Hasil akhirnya diumumkan tanggal 28 Juni 2019. Konsekuensi pengajuan gugatan harus percaya pada hakim MK. Tak perlu main gertak-gertak. Tak perlu mengerahkan massa untuk menakut-nakuti hakim MK.
Seluruh rakyat Indonesia sudah bisa menduga-duga keadaan yang sesungguhnya. Setelah menyaksikan persidangan yang sangat melelahkan itu, publik bisa menduga hasil akhir, kendati belum tentu tepat. Jangankan para pemohon, termohon, dan pihak terkait, awam hukum yang menyaksikannya di TV pun tahu.
Tentu saja pendukung Paslon 01 bisa bilang bahwa gugatan Paslon 02 akan ditolak.
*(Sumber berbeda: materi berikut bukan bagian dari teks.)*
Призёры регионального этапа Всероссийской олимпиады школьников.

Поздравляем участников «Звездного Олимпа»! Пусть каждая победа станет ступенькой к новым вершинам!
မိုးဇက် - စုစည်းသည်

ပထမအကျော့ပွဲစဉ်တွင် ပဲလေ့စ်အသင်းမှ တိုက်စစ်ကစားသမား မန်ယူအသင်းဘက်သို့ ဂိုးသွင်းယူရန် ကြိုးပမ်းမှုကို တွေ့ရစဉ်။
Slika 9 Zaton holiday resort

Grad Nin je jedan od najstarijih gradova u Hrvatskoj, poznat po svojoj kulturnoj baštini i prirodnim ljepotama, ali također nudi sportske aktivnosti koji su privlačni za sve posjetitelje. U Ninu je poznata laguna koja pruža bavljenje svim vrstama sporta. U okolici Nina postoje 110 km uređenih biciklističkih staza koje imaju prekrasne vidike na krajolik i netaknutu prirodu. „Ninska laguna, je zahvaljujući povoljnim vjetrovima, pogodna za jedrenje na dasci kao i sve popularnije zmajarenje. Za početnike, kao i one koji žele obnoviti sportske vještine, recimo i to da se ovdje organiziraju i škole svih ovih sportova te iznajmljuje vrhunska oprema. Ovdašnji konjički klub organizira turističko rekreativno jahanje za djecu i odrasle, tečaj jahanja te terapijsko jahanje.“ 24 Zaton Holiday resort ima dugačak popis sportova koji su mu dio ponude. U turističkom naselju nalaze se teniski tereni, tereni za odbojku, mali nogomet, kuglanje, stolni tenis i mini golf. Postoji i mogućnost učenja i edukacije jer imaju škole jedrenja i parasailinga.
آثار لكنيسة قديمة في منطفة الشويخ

Pendukung Paslon 02 pun begitu. Bisa berkata gugatan mereka dikabulkan MK. Apalagi karena mereka sudah terbiasa melakukan klaim menang sejak tanggal 17 April 2019 dengan persentase kemenangan yang terus berubah-ubah.
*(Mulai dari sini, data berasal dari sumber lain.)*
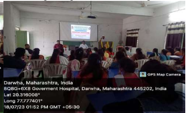
Program organized on women's rights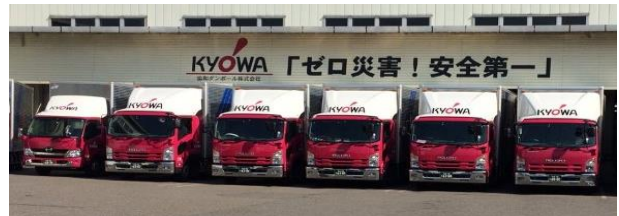
自社物流トラック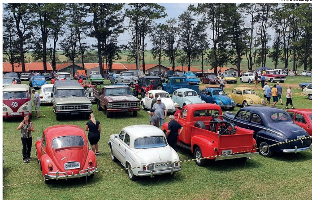
RELÍQUIAS - Público pode conferir os mais variados modelos e marcas de carros antigos em evento em Macatuba

Completando 10 anos de história, o Encontro de Carros Antigos de Macatuba deve reunir colecionadores de toda a região centro-oeste do estado de São Paulo, que chegam à cidade com seus possantes dos mais variados modelos, marcas e anos de fabricação, dos originais aos modificados. Segundo a organização, a estimativa é de que mais de 200 expositores marquem presença no evento.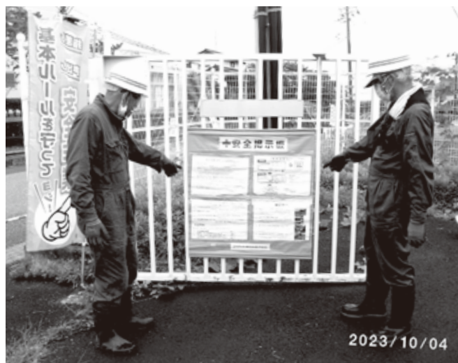
無人交換所除草作業前安全確認 (舞木交換所)

今回より、上下刃逆回転ハサミ式刈払機の使用が追加され、作業事故発生の確立が少なくなりました。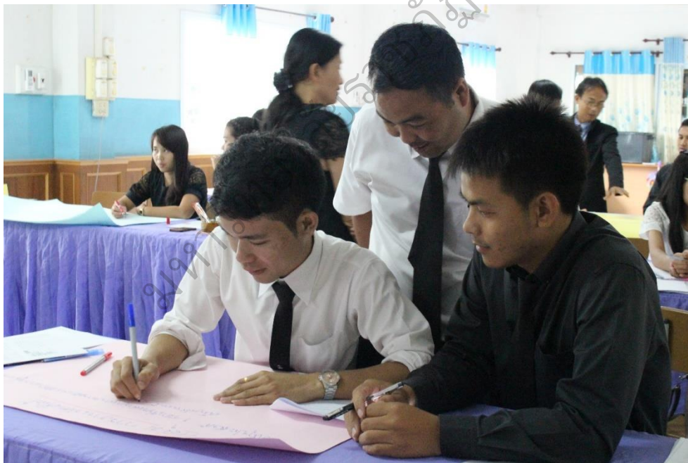
ภาพประกอบ 7 ผู้เข้าร่วมประชุมร่วมกันเขียนแผนการจัดการเรียนรู้ ตามกลุ่มสาระการเรียนรู้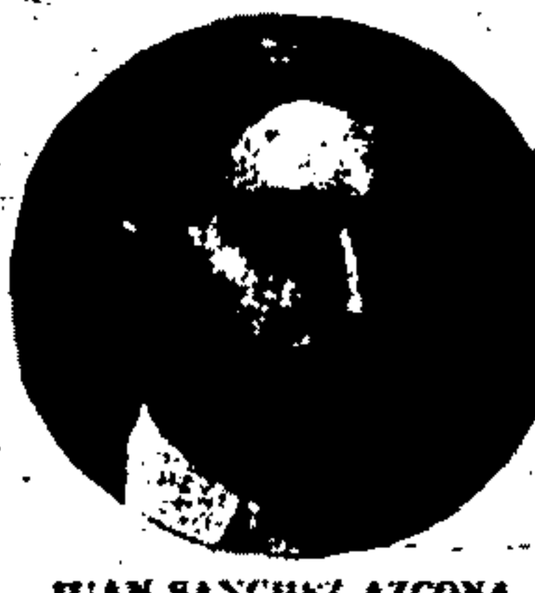
JUAN SANCHEZ AZCONA Primer Senador Proprietario

Namun, kali ini lain. Dugaan, harapan, klaim, atau optimisme sebesar apa pun tak memiliki nilai apa-apa secara hukum. Dikabulkan atau ditolaknya gugatan sepenuhnya ditentukan oleh terbukti-tidaknya apa yang didalilkan dalam persidangan. Ini pun harus diyakini kebenarannya atau ketidakbenarannya oleh hakim MK.
Bukti dan keterangan saksi
Dari sisi bukti, Paslon 02 memang perlu yakin bahwa gugatan mereka dikabulkan oleh hakim MK. Mengapa? Karena bukti yang mereka bawa di MK tidak tanggung-tanggung, ada 28 kontainer.
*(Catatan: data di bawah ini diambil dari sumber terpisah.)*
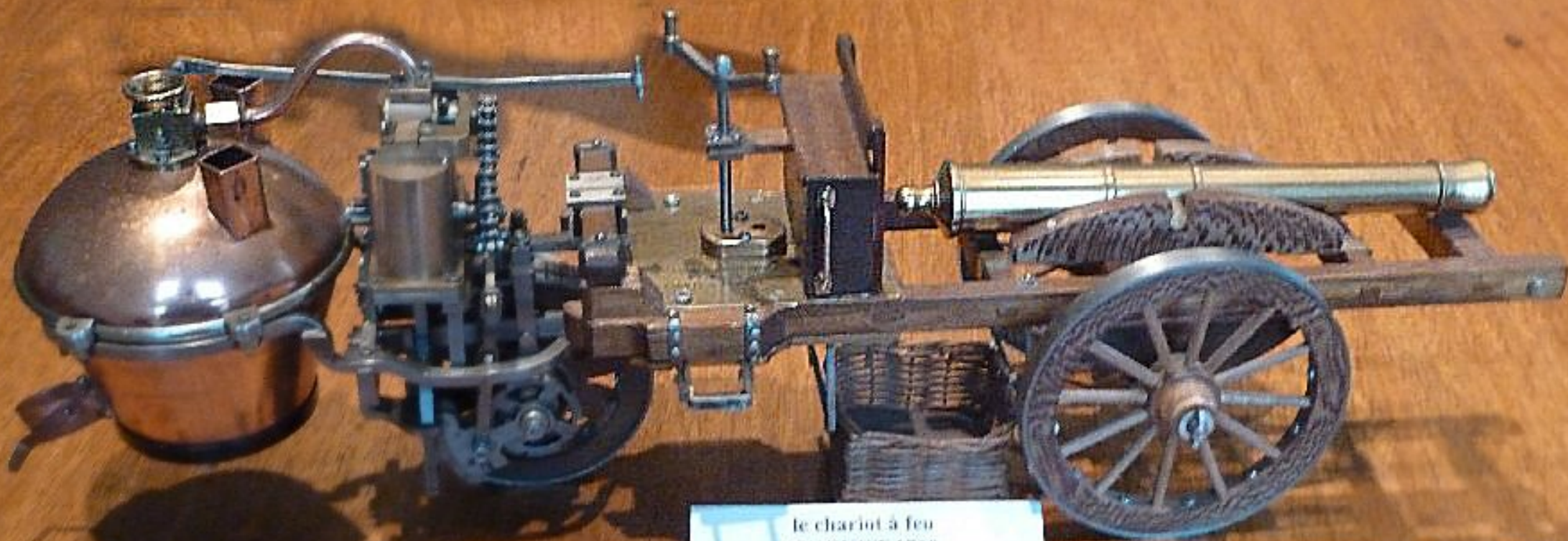
le chariot à feu CUGNOT 1769

Hanya saja, jangan kira kontainer itu sebesar peti kemas. Yang dimaksud ialah kontainer plastik berukuran kira-kira 40 x 60 cm. Sebelumnya, memang sempat disebut empat truk yang terdiri dari C1 dari berbagai provinsi di Indonesia.
Namun, dalam kenyataan tidak begitu. Bukti bertumpuk-tumpuk itu pun sempat ditolak karena tidak memenuhi syarat. Tumpukan bukti disodorkan begitu saja. Tidak disusun rapi sebagaimana ketentuan dan kelaziman dalam hukum acara di MK.
Syukur bahwa MK masih berbaik hati. Mereka memberikan kesempatan kepada kuasa hukum Paslon 02 untuk menata alat bukti selama kurang lebih tiga jam, namun tidak semuanya bisa. Sebagian di antaranya tidak disahkan sebagai alat bukti oleh MK karena tidak memenuhi syarat.
Parahnya, bukti-bukti yang diajukan dalam persidangan itu, keterangan para saksi banyak yang tak mendukung pernyataan-pernyataan menghebohkan dari kuasa hukum sebelumnya. Kesaksian Nur Latifah, misalnya. Ia bilang anggota KPPS di TPS 08 Dusun Winongsari, Desa Karangjati, Kabupaten Boyolali, mencobloskan 15 surat suara mewakili warga.
Tetapi ketika ditanya hakim apakah dia menegur petugas KPPS, Nur bilang tidak. Ia malah bilang bahwa apa yang dilakukan anggota KPPS itu sudah merupakan kesepakatan warga bagi pemilih berusia lanjut yang kesulitan mencoblos. Nah, merontokkan diri sendiri, bukan?